Mask Requirement had the highest number of starts with 239 starts and 41 different states. Mandate Face Mask Use By all Individuals in Public Facing Businesses had the next highest number, with 46 starts and 46 states. Finally, Mandate Face Mask Use By All Individuals in Public Spaces had 38 starts and 38 states.

With these numbers, the next question is: How many states implemented any of the Masks policies?
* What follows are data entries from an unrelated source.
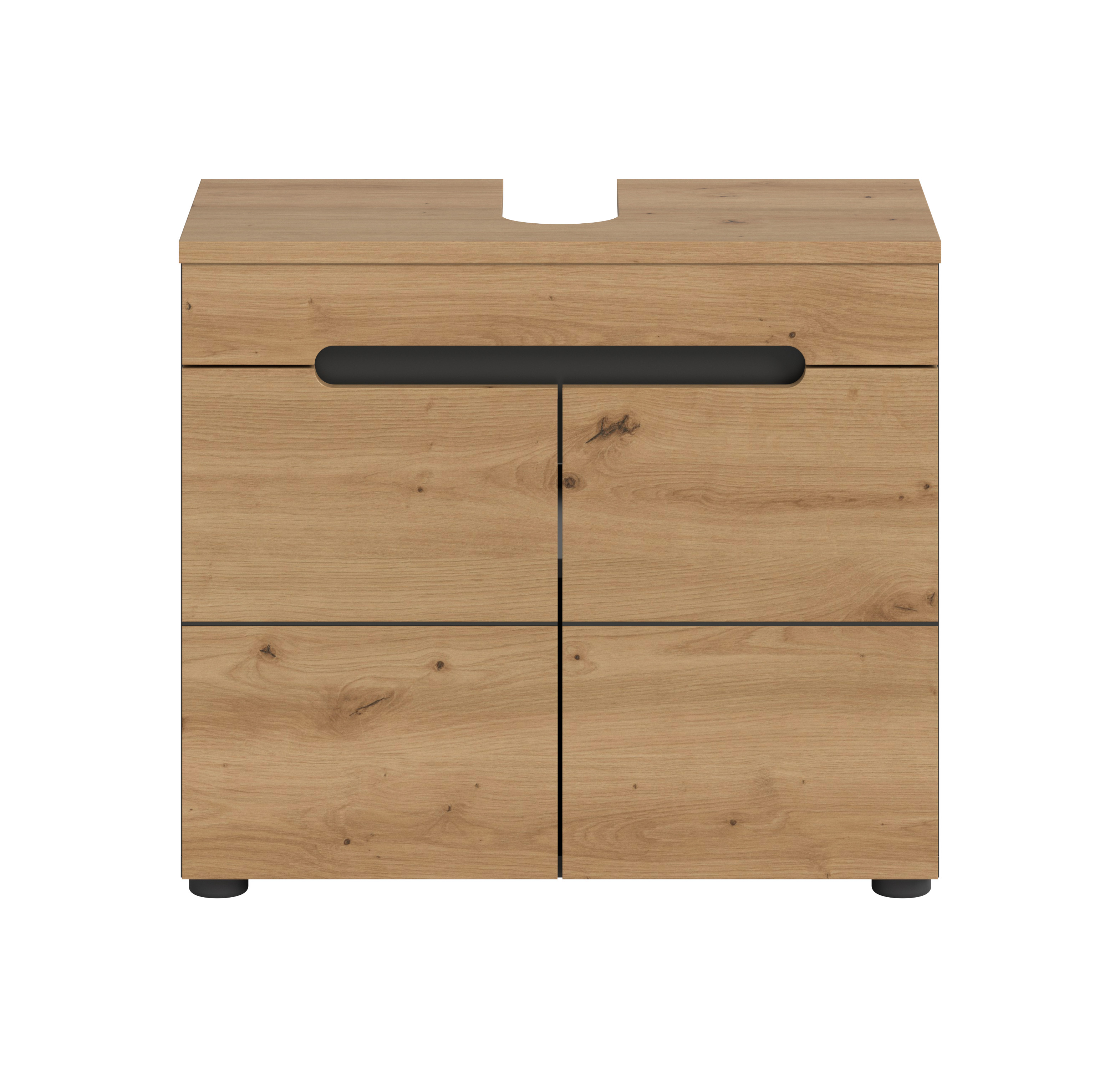 Proposé dans un décor ton gris basalte associé à un décor chêne Artisan aspect bois, il séduit par son veinage naturel et son élégant intérieur noir. Le meuble dispose d’une tablette qui divise l’espace en deux compartiments spacieux, parfaits pour le rangement des serviettes, produits d’entretien ou accessoires de salle de bains.
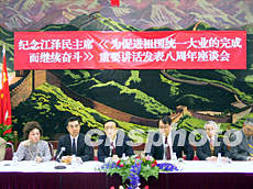 美國華盛頓僑界二十五日在中國駐美使館就江澤民主席關(guān)于發(fā)展兩岸關(guān)系,推進(jìn)祖國和平統(tǒng)一八項主張發(fā)表八周年進(jìn)行座談。中國駐美大使楊潔篪(中)在發(fā)表講話時強(qiáng)調(diào),實現(xiàn)中國和平統(tǒng)一有助于中美關(guān)系穩(wěn)定、健康、持續(xù)發(fā)展。作者:余東暉
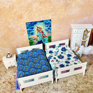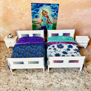 Choose Vrindavan Peacock Feather Deity Bed or Flowers in Yamuna Deity Bed. Painted milky white with lots of jewels. Comes with soft pure cotton sheets. Comes with sheeted mattress, (and attached pillow) top sheet, double bed cover. This is a delicate bed, not meant for heavy Deities. This bed can be for any of your Deities, Radha Krishna, Gaura Nitai, Krishna Balaram, Laddu Gopal, Srila Prabhupada, Srila Bhaktisiddhanta. The deities should have at least one inch space between the head board and foot board if you are placing them there.
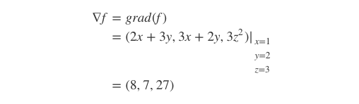 针对某个特定点,如点A(1, 2, 3),带入对应的值即可得到该点的梯度:
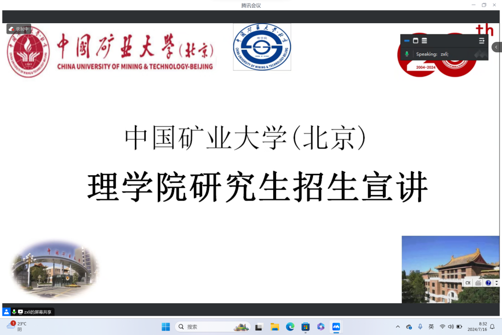 本届夏令营邀请了不同学科方向的优秀研究生代表分享学业规划及经验,从广大学生感兴趣的话题和切身体会出发为营员提供解答和帮助。2021级硕士杨圣开分享了研究方向的选择,硕博连读的申请,论文的发表等经验。2021级硕士王雨竹同学的毕业去向是南京大学读博,分享了选择读博和申请博士的心路历程。2021级硕士研究生秦建峰的毕业去向为首都师范大学附属中学朝阳学校,他分享了教师岗位的求职经验和雷竞技官网的平台和优势。2022级在读硕士李瑞琳,分享了其作为研会主席、研究生教秘助理等在校的丰富的科研生活经历。2020级硕士李赫同学分享了国外博士申请,研究方向选择,以及矿大学习和生活中的趣事。
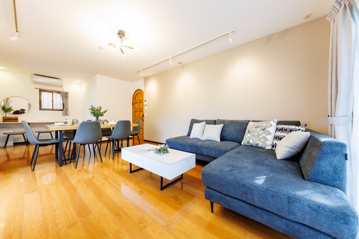 2025年11月盛大开业✨ 整栋包租民宿“Private stay 樱与夕阳”,面积115㎡,位于奈良站附近安静的住宅区,环境舒适宁静,私密性高,最多可入住12人,非常适合家庭出游、三代同堂或好友结伴旅行。 步行5分钟可达近铁新大宫站,步行12分钟可达JR奈良站。搭乘电车约40分钟即可轻松前往大阪难波和京都,无论是奈良深度游,还是关西多城市周游,都十分便利,是理想的观光据点。 房源配备宽敞明亮的客厅餐厅、设备齐全的厨房、日式榻榻米房、独立儿童房、投影仪娱乐设备,以及两处舒适的木质露台空间,让您在旅途中也能像在家一样放松自在。整栋包租保证充足的私人空间,适合聚会、用餐与休闲。 周边生活设施完善,步行范围内有便利店、各类餐厅和超市,日常采购十分方便。这里环境自然安静,偶尔还能在门前看到奈良小鹿经过。春季可步行前往附近的佐保川欣赏绵延的樱花美景。非常适合家庭、团体、长住及远程办公旅客选择。
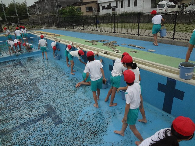 今日午後から6年生全員でプールをピカピカにしてくれました。こびりついたよごれを一生けんめいおとしてくれました。18日にプール開きを予定しています。全学年水泳の準備(水着やバスタオル)を忘れずに。そして何よりプールをきれいにしてくれた6年生への感謝の気持ちを忘れずに。
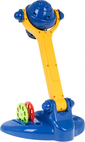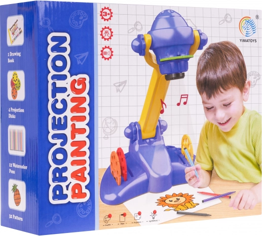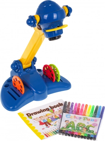 Den legende tegneprojektor gør læring til sjov. Med projektion af farvede billeder træner børn nemt finmotorik og hånd–øje-koordination, og de udvikler kunstneriske færdigheder og fantasi. Projektoren kan bruges lydløst eller med lyde, skarpheden justeres med en praktisk ring, og det bevægelige hoved (op–ned) gør det let at pege motivet korrekt.
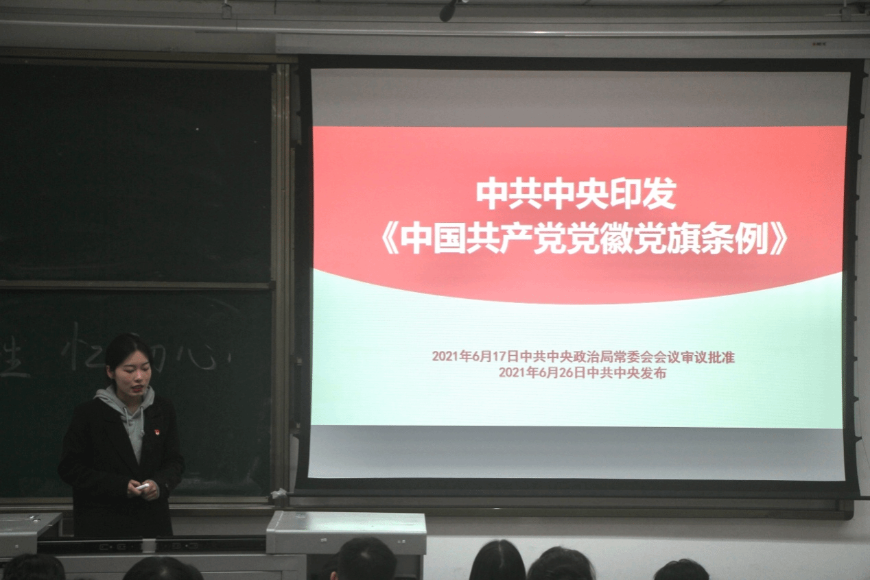 紧接着,本科第四党支部党员罗慧带领学习《中国共产党党徽党旗条例》。中国共产党的党徽党旗是中国共产党的象征和标志。通过对《中国共产党党徽党旗条例》的学习,HAHA体育本科党支部的同志们对党徽、党旗的明确用法、使用场合等都有了更深入的了解,规范党徽、党旗的使用,就是维护党的权威,是各级党组织和党员同志必须履行的政治责任。作为员工党员,应该坚定理想信念,不忘初心、牢记使命,努力学习,为实现中华民族伟大复兴贡献青春力量。
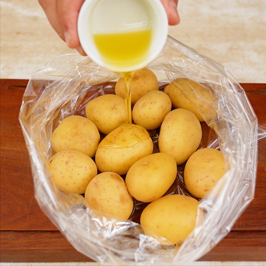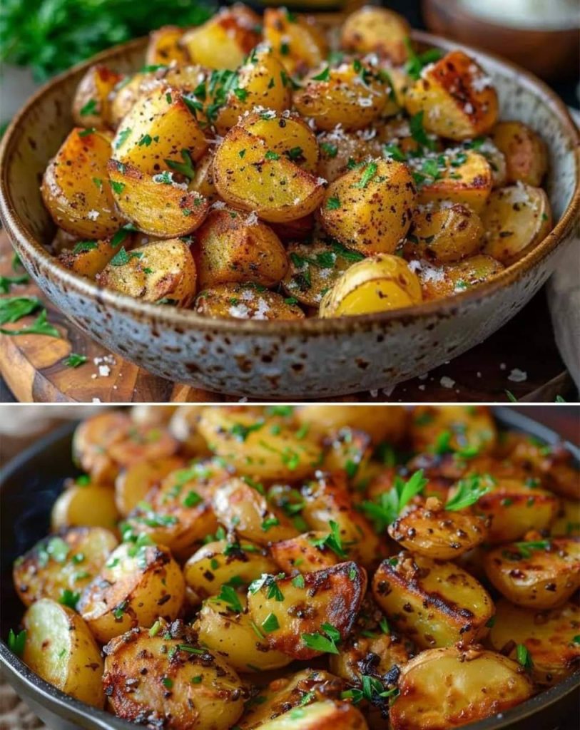 Pieczone ziemniaki z czosnkiem i masłem Pieczone ziemniaki z masłem czosnkowym Odkryj eksplozję smaków dzięki naszym pieczonym ziemniakom z masłem czosnkowym! Chrupiące na zewnątrz, delikatne w środku. Składniki: 1 kg
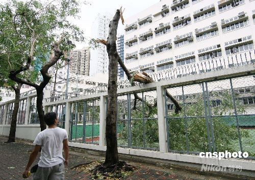 臺(tái)風(fēng)“黑格比”襲過(guò)香港后,九月二十四日早減弱為三號(hào)強(qiáng)風(fēng),香港所有上午校及全日制學(xué)校繼續(xù)停課。圖為灣仔區(qū)一棵大樹被吹折,倒落于一中學(xué)的操場(chǎng)內(nèi)。中新社發(fā) 武仲林 攝

The following code investigates that question.

data_copy = data.copy() #Create a copy of the data

#Loop through and change any policy type involving masks to be called Mask in the copy of the data
for index, row in data_copy.iterrows():
 if ("Mask" in row.policy_type):
       data_copy.loc[index, "policy_type"] = "Mask"

data_copy = data_copy[(data_copy.start_stop=="start")] #Look only at the data that is a "start"

count = [] #reset count to 0
for val in data_copy.policy_type.unique(): #loop through each unique policy
  poli = data_copy[data_copy.policy_type == val] # poli hold the dataframe rows for the unique policy 
  ct = 0 #set a counter variable to 0
  for val2 in poli.state_id.unique(): #loop through each unique state within poli
    ct = ct + 1 #increment count for each unique state
  count.append(ct) #Add the number of states to the counter list

policies2 = data_copy.policy_type.unique() #Find all the unique policies

w = {"policy":policies2, "num_states":count}
results_mask = pd.DataFrame(w) #create dataframe

results_mask[(results_mask.policy == "Mask")] #Look at the number of states that implemented a mask related policy
policy num_states
1 Mask 51

In total, 51 states/territoties implemented a mask related policy. This is more widespread than the individual policies, however, would still not be in one of the top five policies implemented accross the country. Furthermore, there is variance in what these three different mask policies mean for the public regarding face coverings.

mask_reqs_start_scat = px.scatter(data_copy[(data_copy.policy_type == "Mask")], x="date",y= "policy_type", color = "state_id", title = "Start Mask Requirement")

mask_reqs_start_scat

The states that did implement mask related policies started them at a variety of points throughout the pandemic. For example, HI started a mask related policy on Dec 30, 2020, this is well into the pandemic. AK and MN being two of the first to have the policy started, beginning them back in March when the pandemic was starting!

Hopefully this example gave you some ideas of how you can visualize and analyze datasets using Python!!